Background: Human immunodeficiency virus type 1 (HIV-1) group O (outlier) was first identified in 1990 as an HIV-1 strain highly divergent from group M (major). While the level of genetic diversity within group O is similar to that between group M subtypes, group O has not been classified into subtypes. A previous study, based on the phylogenetic analyses of the gag p24, pol p32, and env gp160 sequences from 39 group O isolates, laid the foundation for the classification of group O subtypes. Five (5) phylogenetic clusters, I-V, were identified that are congruent across all 3 genes, supported by bootstrap values, and roughly equidistant from each other. The intra- and intercluster genetic distances for group O are similar in magnitude to the corresponding distances for group M subtypes. However, formal classification of group O requires the availability of at least two full-length and one partial genomes for each group O phylogenetic cluster.

Methods: In this study, 15 group O isolates were selected for full genome sequencing. The near full-length genomic sequences were obtained by PCR amplification of four segments that link the previously obtained gag, pol, and env fragments and include the LTRs.

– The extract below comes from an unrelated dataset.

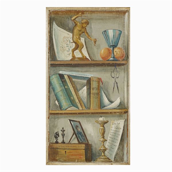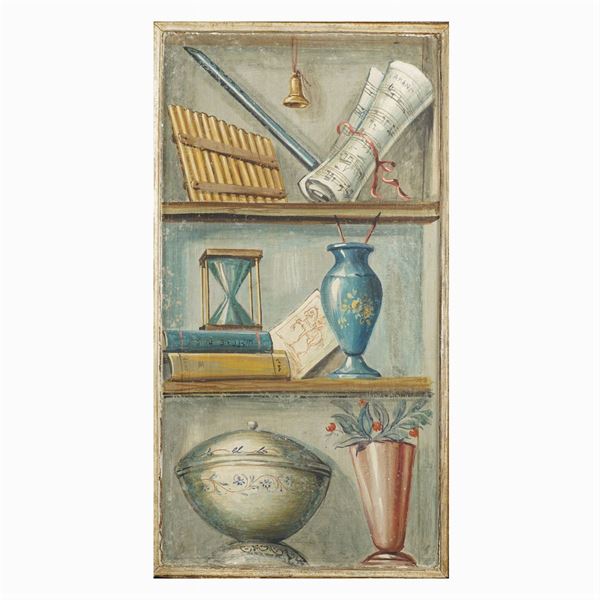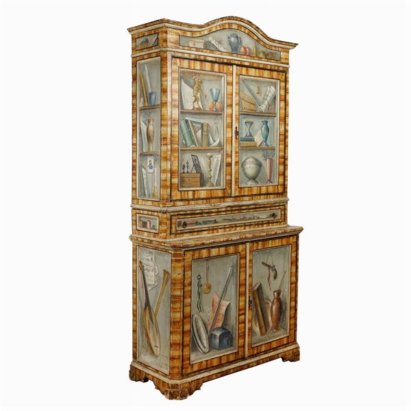 interamente laccata a raffigurare vasellame e strumenti vari, parte superiore con fronte a due sportelli ed un cassetto, parte inferiore con fronte a due sportelli, lievi usure, 213x105x44 cm.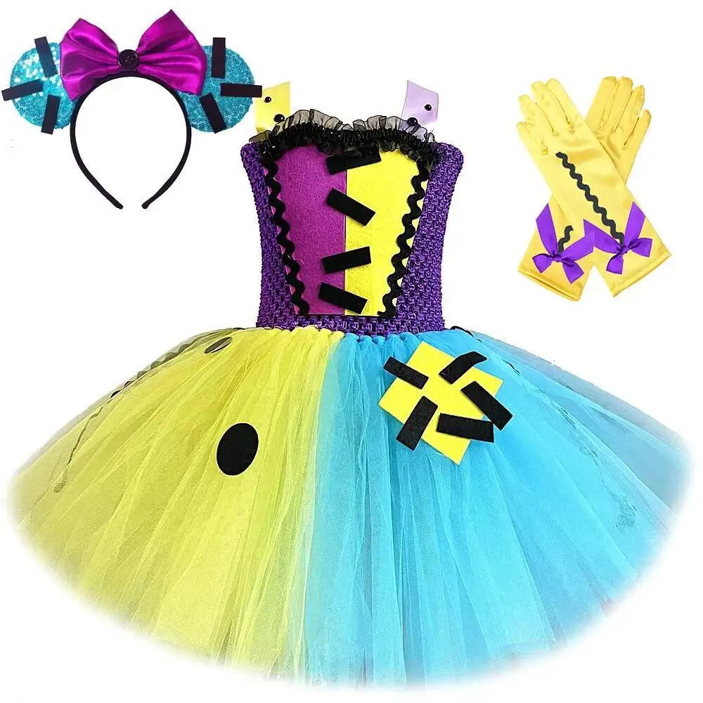 Horror Sally Halloween Costumes for Girls Nightmare before Christmas Scary Dresses Kids Carnival Party Fancy Outfit with Gloves

Results: Phylogenetic analysis, using Phylip, of an alignment of these 15 sequences with 8 additional group O genomes supports the classification of 3 group O subtypes (I-III) and the potential existence of one circulating recombinant form (CRF) (IV) and at least one additional subtype (V). Each of group O clusters I, II, and III, is represented by 2 or more isolates with near full-length sequences and several partial genomes from additional isolates; the clusters are equidistant from each other and lack sub-segments of other clusters. Cluster IV is represented by 2 full and 1 partial genomes and may represent a CRF of group O; cluster IV is recombinant between cluster I and the parental strain of cluster IV. Cluster V also meets the subtype criteria except that only 2 isolates have been sequenced. Additional unclassified isolates suggest the existence of other group O subtypes. Intra- and intercluster recombination was identified in 5 of the 23 (22%) group O genomes.

Conclusions: Phylogenetic analysis of 23 genomic sequences provides strong evidence for group O subtypes. Formal classification of group O subtypes should be forthcoming pending the analysis of additional group O genomes and agreement of the HIV nomenclature committee.